You're now going to put together everything you've learned and implement the [LeNet](http://yann.lecun.com/exdb/publis/pdf/lecun-98.pdf) architecture using TensorFlow.

When you get to your next project, remember that LeNet can be a great starting point for your network architecture!

### Instructions
1. Go to the LeNet with GPU workspace
2. Open the jupyter notebook `LeNet-Lab.ipynb`
3. Finish off the architecture implementation in the `LeNet` function. That's the only piece that's missing.

**Important*: Remember to **turn off** your GPU when not training.


### Preprocessing
An MNIST image is initially 784 features (1D). If the data is not normalized from [0, 255] to [0, 1], normalize it. We reshape this to `(28, 28, 1)` (3D), and pad the image with 0s such that the height and width are 32 (centers digit further). Thus, the input shape going into the first convolutional layer is `32x32x1`.

### Specs
`Convolution layer 1`. The output shape should be `28x28x6`.   

`Activation 1`. Your choice of activation function.   

`Pooling layer 1`. The output shape should be `14x14x6`.

`Convolution layer 2`. The output shape should be `10x10x16`.

`Activation 2`. Your choice of activation function.

`Pooling layer 2`. The output shape should be `5x5x16`.

`Flatten layer`. Flatten the output shape of the final pooling layer such that it's 1D instead of 3D. The easiest way to do is by using `tf.contrib.layers.flatten`, which is already imported for you.
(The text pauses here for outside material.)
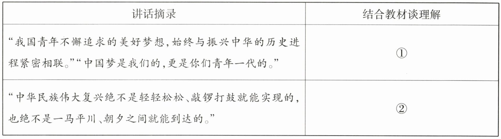 (2)问,第一则摘录的关键词是“青年”和“梦想”,可以结合教材中少年的梦想、中国梦等知识回答;第二则摘录的主旨是中华民族伟大复兴任重道远,可以结合青年的地位、为实现中国梦接续奋斗等知识回答。

`Fully connected layer 1`. This should have **120 outputs**.

`Activation 3`. Your choice of activation function.

`Fully connected layer 2`. This should have **84 outputs**.

`Activation 4`. Your choice of activation function.

`Fully connected layer 3`. This should have **10 outputs**.

You'll return the result of the final fully connected layer from the `LeNet` function.

If implemented correctly you should see output similar to the following:

```
EPOCH 1 ...
Validation loss = 52.809
Validation accuracy = 0.864

EPOCH 2 ...
Validation loss = 24.749
Validation accuracy = 0.915

EPOCH 3 ...
Validation loss = 17.719
Validation accuracy = 0.930

EPOCH 4 ...
Validation loss = 12.188
Validation accuracy = 0.943

EPOCH 5 ...
Validation loss = 8.935
Validation accuracy = 0.954

EPOCH 6 ...
Validation loss = 7.674
Validation accuracy = 0.956

EPOCH 7 ...
Validation loss = 6.822
Validation accuracy = 0.956

EPOCH 8 ...
Validation loss = 5.451
Validation accuracy = 0.961

EPOCH 9 ...
Validation loss = 4.881
Validation accuracy = 0.964

EPOCH 10 ...
Validation loss = 4.623
Validation accuracy = 0.964

Test loss = 4.726
Test accuracy = 0.962
```

### Parameters Galore
As an additional fun exercise calculate the total number of parameters used by the network. Note, the convolutional layers use weight sharing!